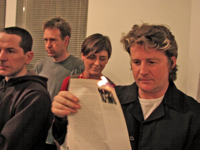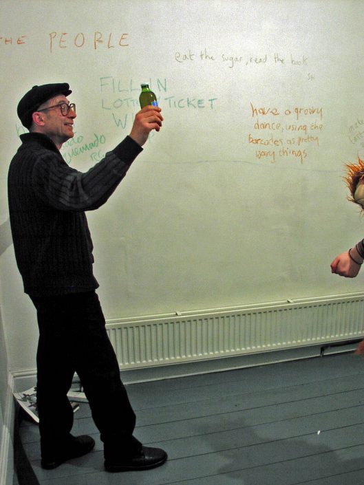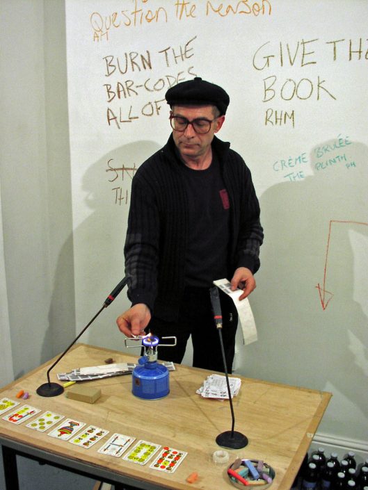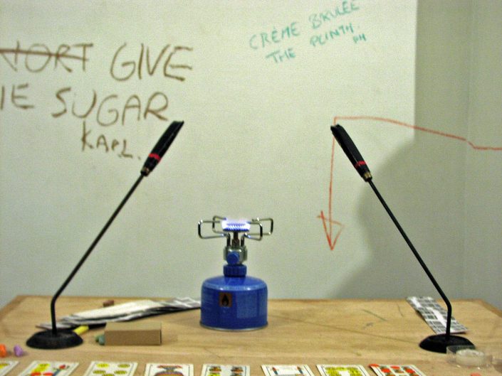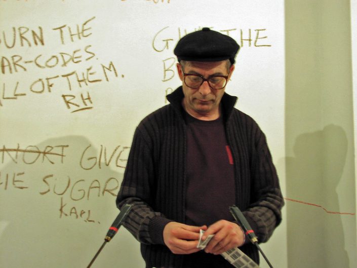 The performer takes a pedestal and writes "past", "present", "future" on the sides of the parallelogram; Supports it in the ground on a corner making it turn, and shows the face fall, in that occasion: "Past"
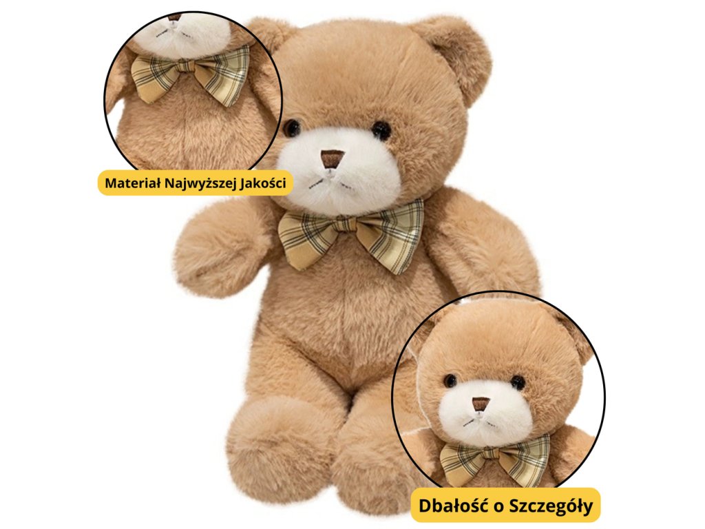 Medvídek je oblečený v elegantním károvaném motýlku, který mu dodává jedinečné kouzlo a skvěle vypadá jako dekorace do dětského pokoje nebo stylový dárek. Díky své stabilní konstrukci a proporcionální siluetě může samostatně sedět, což z něj dělá atraktivní prvek dekoru.
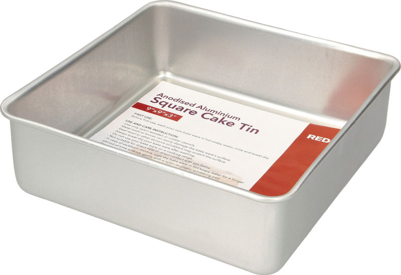 SQUARE CAKE TIN ALUM ANODIZED 9X9X3"
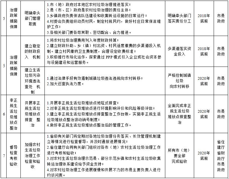 (一)制定農(nóng)村生活垃圾治理方案。各市(地)、縣(市、區(qū))要結(jié)合實際,堅持按照“統(tǒng)籌考慮、分類指導、經(jīng)濟適用、保證效果”的原則,制定本地區(qū)農(nóng)村生活垃圾治理三年行動方案。方案要重點確定農(nóng)村生活垃圾處理目標任務(wù)、資金投入、責任部門和保障措施,合理選擇收運處置模式和技術(shù)路線,明確各階段垃圾治理工作重點,細化年度建設(shè)任務(wù)。各縣(市、區(qū))制定方案后,要組織編制本地區(qū)農(nóng)村生活垃圾治理設(shè)施建設(shè)專項規(guī)劃方案,充分考慮空間居民點布局調(diào)整和環(huán)境影響因素,科學確定整治村范圍、收集轉(zhuǎn)運處理設(shè)施布局和建設(shè)規(guī)模,并經(jīng)專家論證通過后實施。各市縣《農(nóng)村生活垃圾治理方案》于2019年3月底前報省住建廳備案。
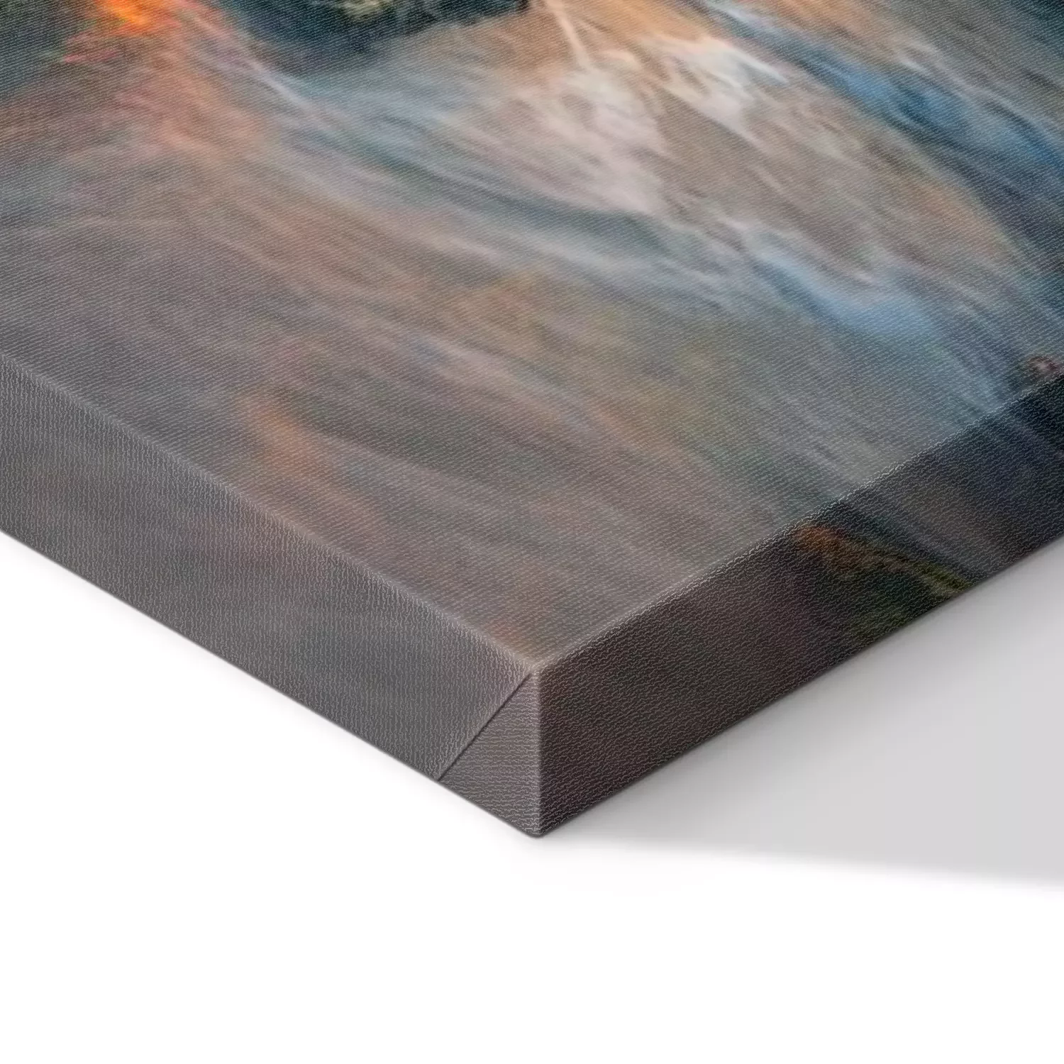 De print wordt aangebracht op hoogwaardig canvas dat op een schildersweefgetouw (spieraam) wordt gespannen. Omdat de print de zijranden bedekt, hoeft het ontwerp niet met een extra kader te worden omlijst. Wij raden ook composities aan die uit meerdere foto's bestaan en zo een coherente compositie vormen.
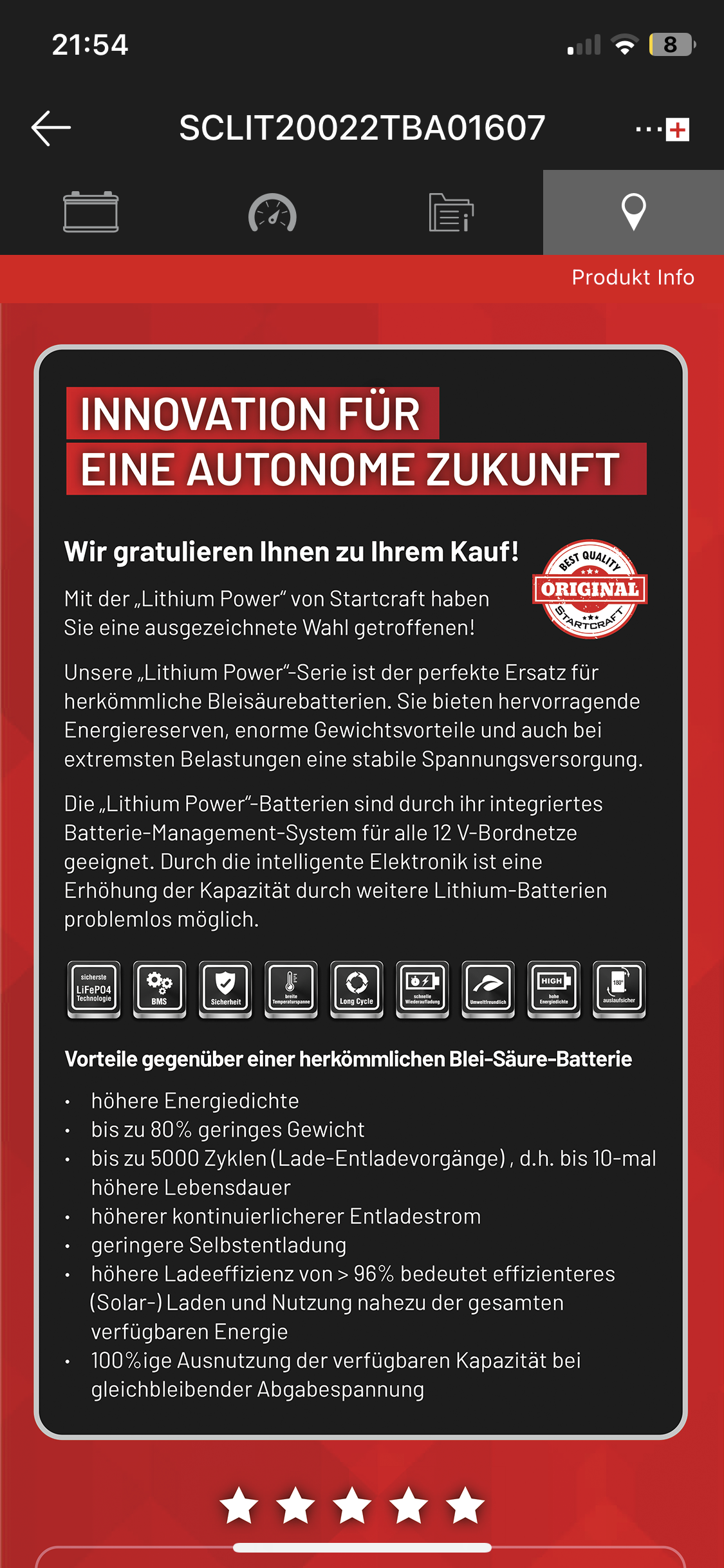 Der Akku hat mich auf zwei Urlaubstouren begleitet und hat dementsprechend kaum Ladezyklen, ist also so gut wie neu. Der Zustand kann den Screenshots der Handy-App entnommen werden (Fotos). Das beschreibt auch gleich ein weiteres Feature: Der Akku kann per App kontrolliert werden.
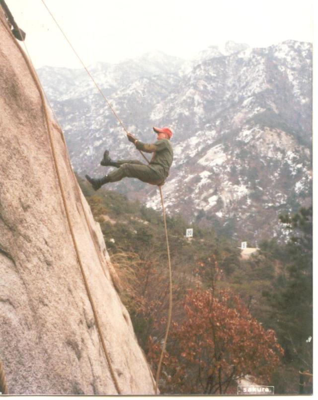 시범조교의 암벽레펠 하강준비끝 .
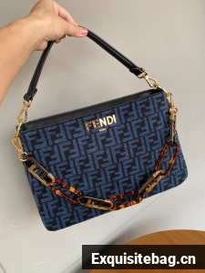 :: Fendi O Lock Zipper Brown FF jacquard fabric and leather bag F1068 blue
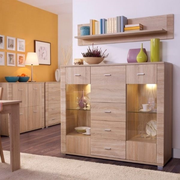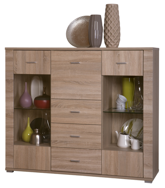 Rozbudowana komoda GRESS 2w3s1b to idealny mebel do salonu, pokoju dziennego lub jadalni. Tym co ją wyróżnia jest barek. Oprócz niego jak przystało na każdą komodę jej wnętrze wypełniają szuflady i półki. Przeszklone fronty pozwolą wyeksponować dodatki lub dekoracje. Dzięki temu uzyskano mebel funkcjonalny, a jednocześnie oryginalny i dobrze się prezentujący. Jak wszystkie meble z kolekcji GRESS również tą komodę zdobią ryflowane listwy nadające specyficzny i niepowtarzalny charakter. Mebel dostępny jest w dwóch odcieniach – dąb sonoma oraz wenge.
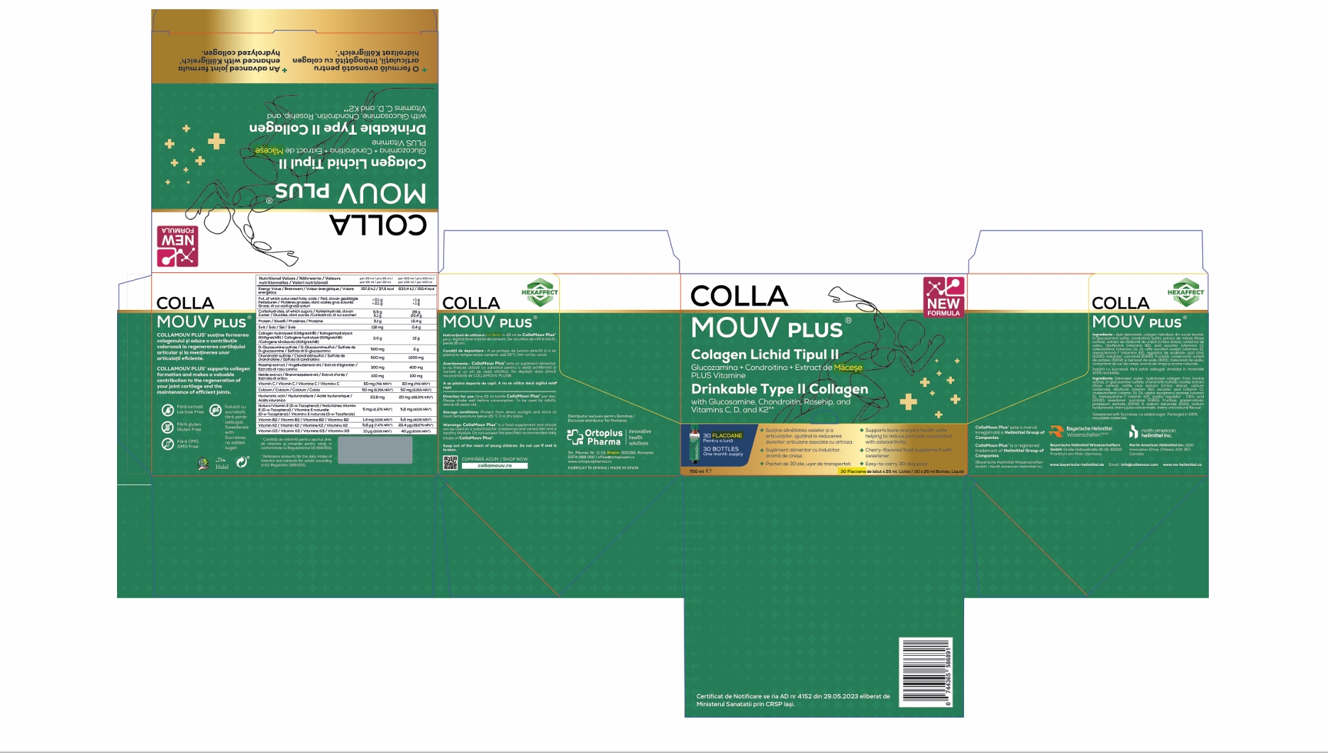 CollaMouv Plus® este un supliment alimentar și nu trebuie utilizat ca substitut pentru o dietă echilibrată și variată și un stil de viață sănătos.
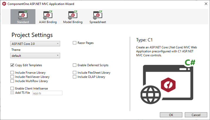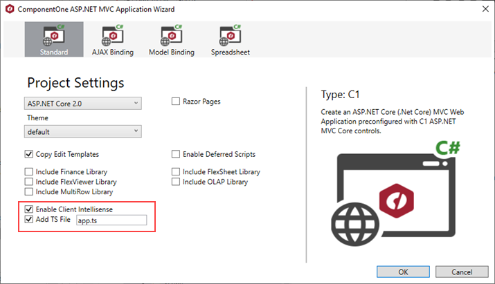 In case, you want to work only with the client side code in TypeScript, select the Enable Client IntelliSense and Add TS file check boxes from the ComponentOne ASP.NET MVC Application Wizard.
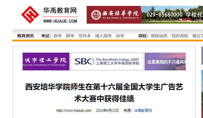近日,第16届全国大学生广告艺术大赛已顺利结束,本届大广赛陕西赛区参赛作品由各参赛院校进行筛选后,最终报陕西赛区组委会参评作品7265件。其中,西安培华学院传媒与设计学院报送作品146件,获奖71项。荣获国家级三等奖2项,国家级优秀奖2项,陕西省赛区一等奖10项、二等奖14项,三等奖15项,优秀奖28项。西安培华学院荣获“优秀院校奖”,童瑾获“优秀组织工作者”,王卓、张琨、韩旭、曲少为、张荣花、房宁、刘妙、李昕萌、邱晓波、曲少为、郑晓利、吴兰兰、张晓露、尚勇获得“优秀指导教师”称号。
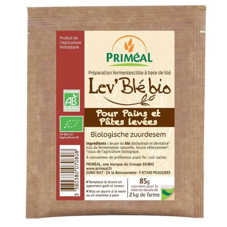 | Conseils d’entretien | Voici le secret d’une mise en oeuvre réussie :A la main: mélanger 500 g de farine + 8 g de sel + 21 g de lev’blé bio (= 2cas bombées) + environ 350ml d’eau tiède (environ 28°C). Pétrir pendant une dizaine de minutes pour obtenir une pâte souple mais non collante. Laisser reposer 30 minutes dans un saladier couvert d’un torchon humide. Reprendre le pâton en chassant légèrement l’air qui est entré pour former votre pain. Recouvrir de nouveau la pâte et la laisser poursuivre sa fermentation dans une pièce à 20°C pendant 3 heures et mettre au four chaud (220 -230 °C) pendant 45 minutes environ. En machine à pain : verser les ingrédients dans la cuve et suivre le programme pain complet (choisir le programme le plus long)
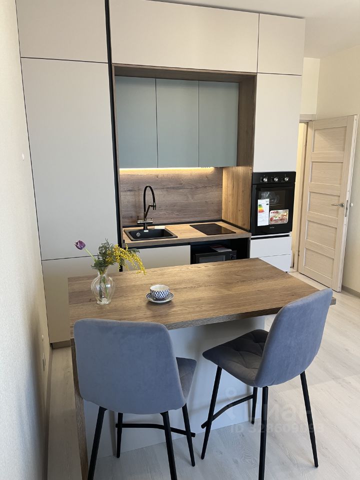 Встроенная кухня:холодильник,духовка, микроволновая печь, индукционная плита на 2 конфорки, фильтр для питьевой воды.
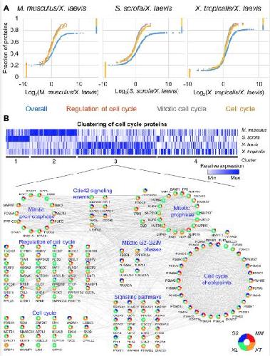 S18 Fig. Gene duplication corrected cell-cycle analysis. Data from Fig 3 were reproduced here with correction for gene duplication in X. laevis. Similar trends were observed as before. See S15 Table for numerical data underlying figure. |
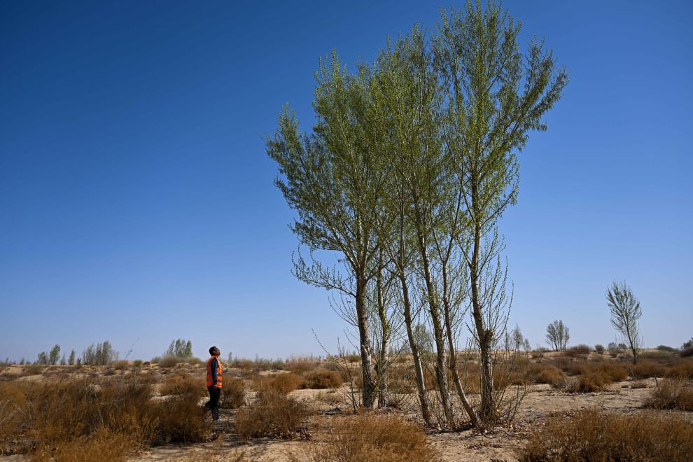 2024年4月11日,一名治沙人在達拉特旗境內(nèi)的庫布其沙漠里巡護樹木。新華社記者 李志鵬 攝
------------
### REQUIRED WORK
Give again, please, precisely the lines that begin the records and run through the line with "SQUARE CAKE TIN" in it, keeping both end lines and dropping any pictures.

### REPLY
 The performer takes a pedestal and writes "past", "present", "future" on the sides of the parallelogram; Supports it in the ground on a corner making it turn, and shows the face fall, in that occasion: "Past"
 Medvídek je oblečený v elegantním károvaném motýlku, který mu dodává jedinečné kouzlo a skvěle vypadá jako dekorace do dětského pokoje nebo stylový dárek. Díky své stabilní konstrukci a proporcionální siluetě může samostatně sedět, což z něj dělá atraktivní prvek dekoru.
 SQUARE CAKE TIN ALUM ANODIZED 9X9X3"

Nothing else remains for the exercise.